Peter alzó una ceja.

– ¿Te preocupa la reputación de esa joven por tu amistad con su tío?

– No del todo. -Abstraído, Harry jugueteó con la pluma, y agregó en tono suave-: Tengo otro motivo para preservarla del escándalo.

– Lo sabía. -Peter se precipitó hacia el escritorio y apoyó la copa con fuerza sobre la pulida superficie con gesto triunfal-. Aceptarás el consejo de Sally y el mío y la agregarás a tu lista, ¿no es cierto? Admítelo, Augusta Ballinger figura ahora en esa infame lista de candidatas a condesa de Graystone.

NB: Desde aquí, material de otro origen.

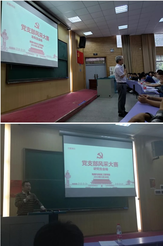 地理与信息工程党支部风采大赛在教三楼110、111教室拉开帷幕。地理信工学院党委书记许德华老师、党委副书记武彦斌老师、学工处徐伟老师、校团委霍少孟老师等莅临现场指导工作,学院各年级百余位同学参与大赛的评审和观看。
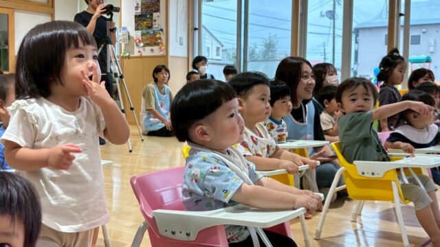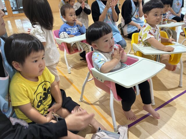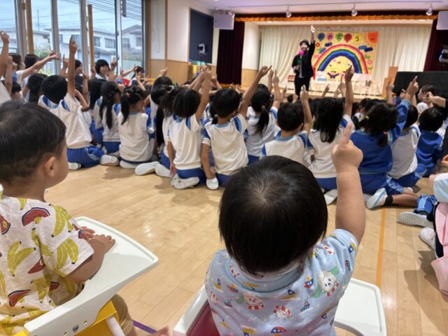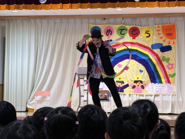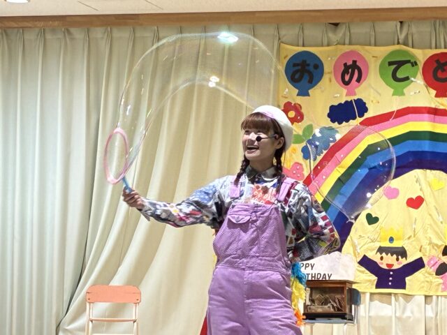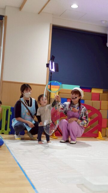 観劇に「シャボン玉のかこちゃん」と「マジシャンのひでお兄さん」が明幸幼稚園に来てくれました。とっても楽しいシャボン玉やマジックのショーに大喜びの子どもたち!マカロン組のお友だちをゲストに選んでもらい、一緒にショーに参加して大きなシャボン玉を作る体験もさせてもらいました。

– Me deja perplejo que todo Londres esté pendiente de mis planes maritales.

– Por supuesto, y eso se debe al modo que tienes de emprender la tarea de elegir una esposa. Todos saben algo de tu famosa lista; te he dicho que hay apuestas en toda la ciudad.

– Sí, me lo has dicho. -Harry contempló el vino-. ¿Cuál era la apuesta del libro de Pompeya?

– Diez libras a que, antes de fin de mes, pedirías la mano de Ángel.

– Pensaba solicitar la mano de la señorita Ballinger esta misma tarde.

– ¡Maldición! -Era evidente que Peter estaba disgustado-. Claudia, no. Ya sé que piensas que sería apropiada para ti, pero no creo que desees una esposa con alas y un halo. Necesitas otra mujer y el Ángel necesita otra clase de hombre. No seas tonto, Harry.

Harry alzó las cejas.

– ¿Alguna vez me has visto hacer el tonto?

Peter entrecerró los ojos y luego su rostro se iluminó con una lenta sonrisa.

– No, señor. De modo que eso era, ¿eh? Magnífico. ¡Magnífico! No lo lamentarás.

– No estoy muy seguro -dijo Harry.

– Míralo de este modo, por lo menos, no te aburrirás. Entonces, esta tarde le propondrás matrimonio a Augusta, ¿no es así?

– No, por Dios. No pienso hablar con Augusta. Esta tarde le pediré permiso a su tío para casarme con la sobrina.

Por un instante, Peter pareció desconcertado.

– ¿Y Augusta? Sin duda, tienes que decírselo a ella, Graystone. Tiene veinticuatro años, no es una colegiala.

– Sheldrake, estamos de acuerdo en que no soy tonto. No pienso dejar una decisión tan importante en manos de una Ballinger de Northumberland.

Durante otro momento, Peter siguió con expresión desconcertada, pero luego comenzó a entender y estalló en carcajadas.

– Ahora comprendo. Buena suerte, hombre. Y ahora, si me disculpas, creo que haré un pequeño recorrido por mis propios clubes. Quisiera anotar algunas apuestas en los libros. Nada mejor que contar con un poco de inteligencia secreta, ¿no crees?

– No -admitió Harry, recordando cuántas veces su vida y la de otros había dependido de esa inteligencia. A diferencia de su amigo, se alegraba de que esa época hubiese terminado.

Esa misma tarde, a las tres, Harry se presentó en el estudio de sir Thomas Ballinger.

Sir Thomas aún era un hombre vigoroso. Una vida de dedicación a los clásicos no había ablandado su cuerpo robusto de anchos hombros. El cabello, en otro tiempo rubio, comenzaba a vetearse de plata y a escasear en la coronilla, y las patillas bien recortadas eran grises. Llevaba un par de gafas que se quitó para mirar al visitante. Al ver que se trataba de Harry, se le iluminó el rostro.

– Graystone, me alegro de verlo. Siéntese. Pensaba avisarlo. He encontrado una interesante traducción al francés de un trabajo sobre César que creo le va a gustar.

Harry sonrió y se sentó en una cómoda silla cerca del fuego.

– Sin duda me fascinará, pero hablaremos de eso en otra ocasión. Sir Thomas, hoy he venido para otra diligencia.

– ¿Qué me dice? -Sir Thomas lo observó con indulgente atención mientras servía dos copas de coñac-. ¿De qué se trata?

Harry cogió la copa y volvió a sentarse.

– Pues, en ciertos aspectos, tanto usted como yo resultamos anticuados, ¿verdad? Al menos, eso tengo entendido.

– Ya que me lo pregunta, le diré que estoy a favor del modo antiguo de hacer las cosas. Por los antiguos griegos y los divertidos romanos. -Sir Thomas alzó su copa en un brindis.

– Por los antiguos griegos y los divertidos romanos. -Obediente, Harry bebió un sorbo y dejó la copa-. He venido a pedirle la mano de la señorita Ballinger, sir Thomas.